▶ WHAT IS REQUIRED: Extract, exactly as written, the line that contains "推荐理由:尼龙反光防风绳4MM9芯天幕防风拉绳露营野营晾衣绳棉绳尼龙捆绑" and all lines after it through the end of the records. Omit pictures.
(TASK DATA Opens)
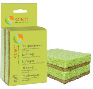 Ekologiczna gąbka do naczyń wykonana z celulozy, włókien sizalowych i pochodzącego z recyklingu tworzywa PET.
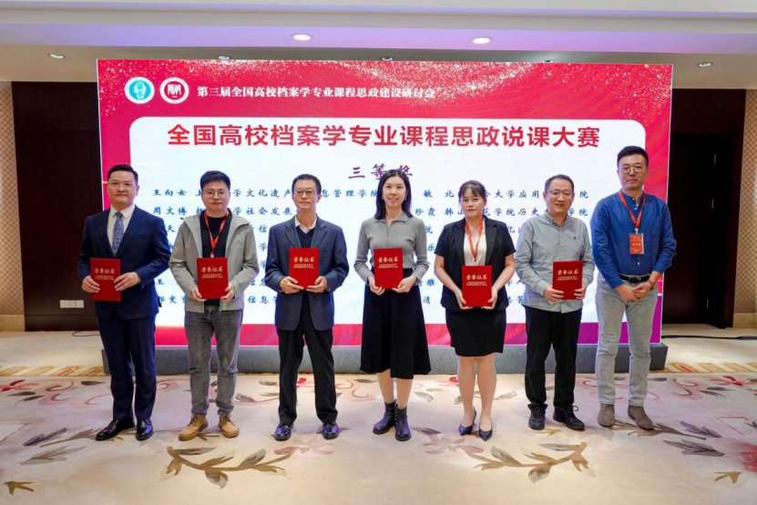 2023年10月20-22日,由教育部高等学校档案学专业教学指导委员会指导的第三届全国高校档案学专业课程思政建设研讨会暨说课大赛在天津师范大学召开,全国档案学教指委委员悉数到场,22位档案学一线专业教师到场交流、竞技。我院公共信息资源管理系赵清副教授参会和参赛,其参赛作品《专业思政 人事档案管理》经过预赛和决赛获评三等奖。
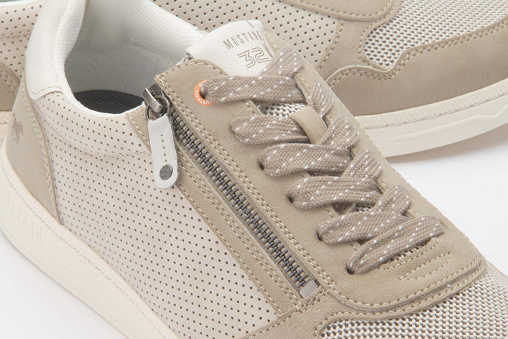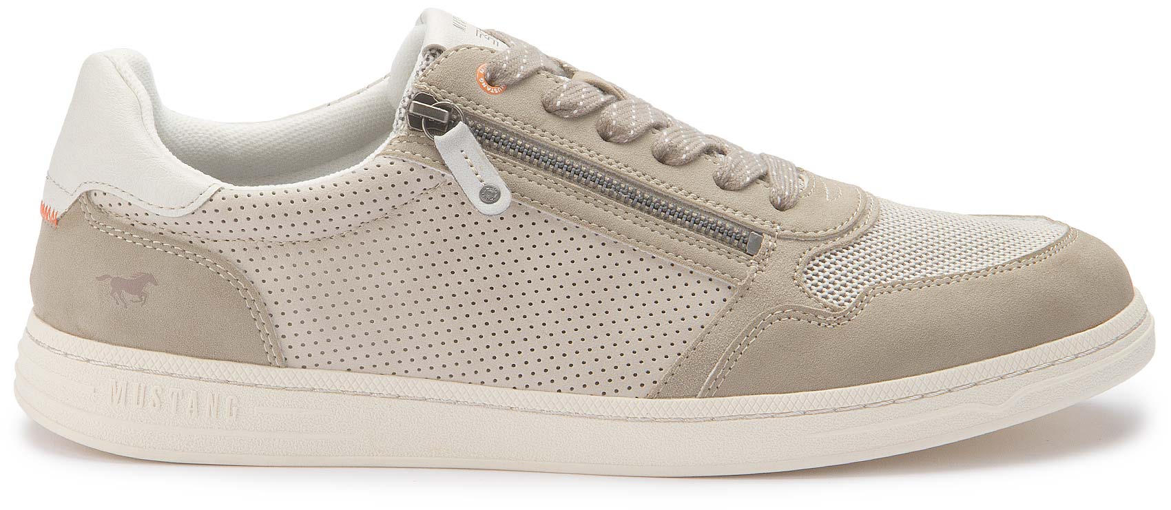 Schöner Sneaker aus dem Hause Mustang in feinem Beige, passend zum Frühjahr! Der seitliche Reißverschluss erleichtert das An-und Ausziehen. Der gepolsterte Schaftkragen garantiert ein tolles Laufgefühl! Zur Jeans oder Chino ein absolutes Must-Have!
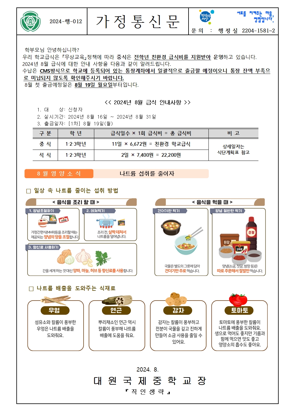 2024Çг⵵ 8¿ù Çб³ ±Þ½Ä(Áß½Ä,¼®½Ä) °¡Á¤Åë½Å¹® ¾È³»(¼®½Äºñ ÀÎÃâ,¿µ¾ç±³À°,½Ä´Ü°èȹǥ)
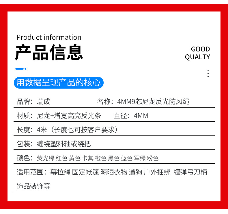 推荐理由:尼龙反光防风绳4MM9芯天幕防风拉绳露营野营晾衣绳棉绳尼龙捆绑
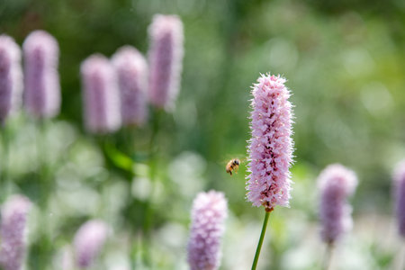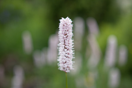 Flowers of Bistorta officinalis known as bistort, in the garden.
(TASK DATA Closes)
▶ TASK OUTPUT:
 推荐理由:尼龙反光防风绳4MM9芯天幕防风拉绳露营野营晾衣绳棉绳尼龙捆绑
 Flowers of Bistorta officinalis known as bistort, in the garden.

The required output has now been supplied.